Он не предполагал встретить такого человека, он думал, что наткнется на равнодушного гринго, и опять убедился в правильности одной из поговорок Милагрос: «Жизнь устроена так, чтобы всегда выбивать нас из колеи». Он безоговорочно принял дружбу, предложенную, когда он больше всего в ней нуждался, и вышел из редакции, болтая с Говардом Гарднером, словно давно его знал. Спустя четыре часа и несколько кружек пива они знали все о жизни и злоключениях друг друга. Выйдя из темного шумного бара, принявшего их исповедь, они пошли по улице в обнимку, поверяя друг другу самое сокровенное, в полной уверенности, что жизнь подарила каждому сообщника, о чем свидетельствовала нетвердая цепочка их шагов. Миллионы звезд дырявили ночное небо.
– Ночь как раз для того, чтобы целовать женщину, – сказал Говард, показывая на звезды при прощании.
Даниэль, насвистывая, вошел в дом своего отца и сел возле кресла, где тот отдыхал, чтобы рассказать ему о рае и о знаке свыше, открывшихся ему.
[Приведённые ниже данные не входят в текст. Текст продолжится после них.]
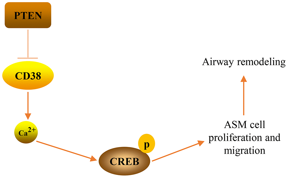 In conclusion, the findings of our study demonstrate that PTEN restricts airway remodeling that occurs in asthma through the downregulation of CD38-mediated Ca2+/CREB signaling. These data provided a detailed molecular mechanism for PTEN in the regulation of airway remodeling of asthma, and highlighted the key role of the PTEN/CD38/Ca2+/CREB signaling axis in the molecular pathogenesis of asthma. Therefore, details of this study provide novel molecular means, which can be exploited to develop improved therapeutic strategies for treating asthma.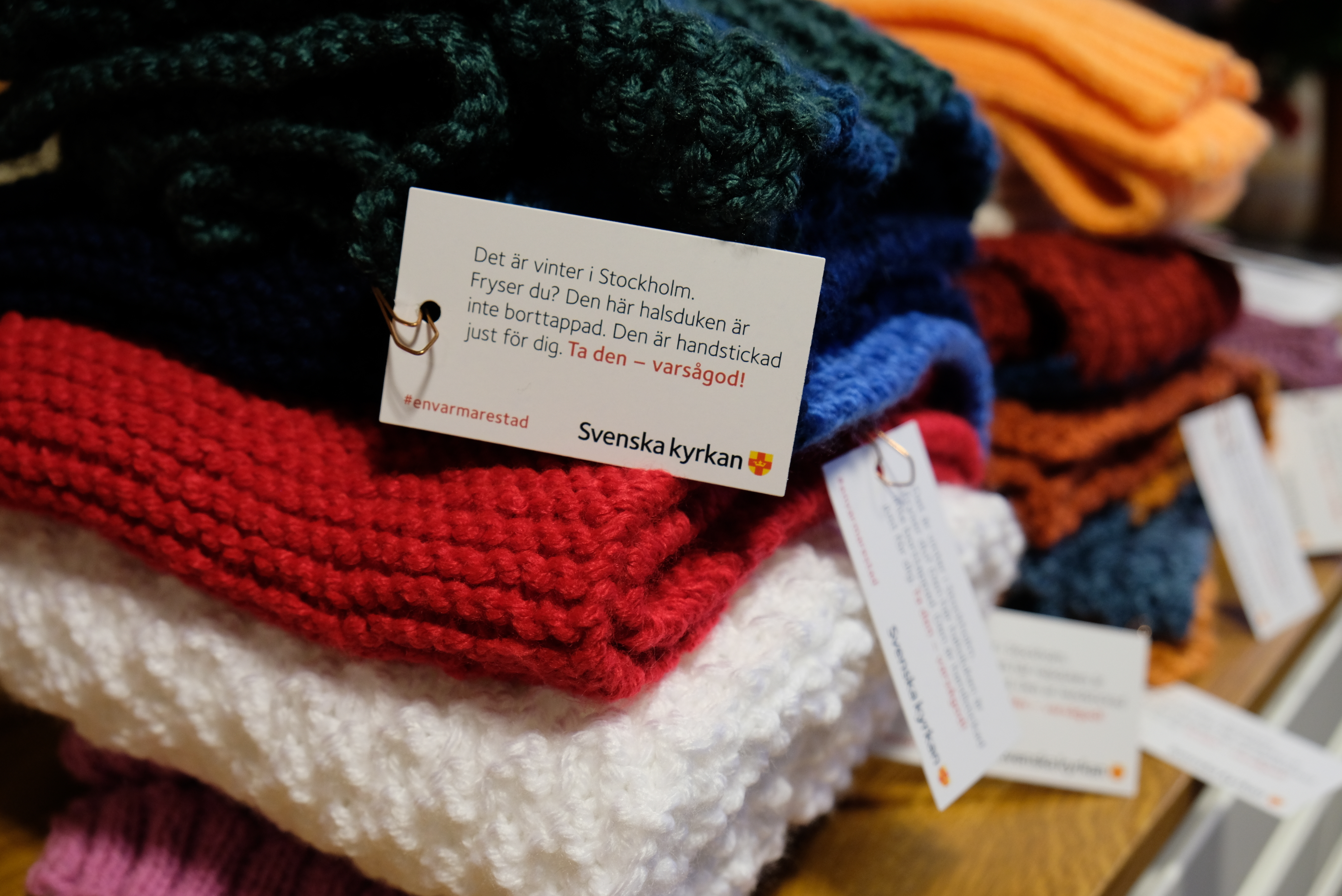 Varje halsduk hade en lapp med en hälsning på sig: ”Det är vinter i Stockholm. Fryser du? Den här halsduken är inte borttappad. Den är handgjord just för dig. Ta den – varsågod! #envarmarestad.”

Доктор Куэнка слушал его, вспоминая свою молодость с удовольствием, как всякий отец, видящий в своих детях тот же свет, который озарял когда-то его собственную жизнь.
– Похоже, ты встретил своего личного Диего Саури, – сказал он, имея в виду свою дружбу с аптекарем. И словно это воспоминание всколыхнуло в его душе сомнения, мучившие его с того момента, как сын вернулся, он наконец отважился спросить об Эмилии.
– Эмилия – это роскошь, – отчеканил Даниэль, будто каждое слово было тяжким грузом. А потом, отчаявшийся и безутешный, утонул в море пьяных бессвязных снов, чего он никогда себе не позволял.
Приняв решение укрыться в Сан-Антонио, он написал Эмилии и предоставил ей подробный отчет о своем состоянии внутри и своем положении снаружи. В конверт вместе с письмом он положил прядь своих волос и фотографию, по краю которой он написал ей записку, называя ее «единственный смысл моей жизни». После этого он так и не смог отправить ей больше ни одного письма. Он мучился своим отчуждением и не хотел ей признаваться, что, хотя ее не было рядом, он не испытывал беспокойства и не чувствовал себя несчастным. Поэтому он плакал, уткнувшись детской и пьяной головой в колени доброго отца, каким Куэнка никогда не был в его детстве. Старики позволяют себе смелые поступки, на которые не были способны, когда все считали их образцом бесстрашия и силы.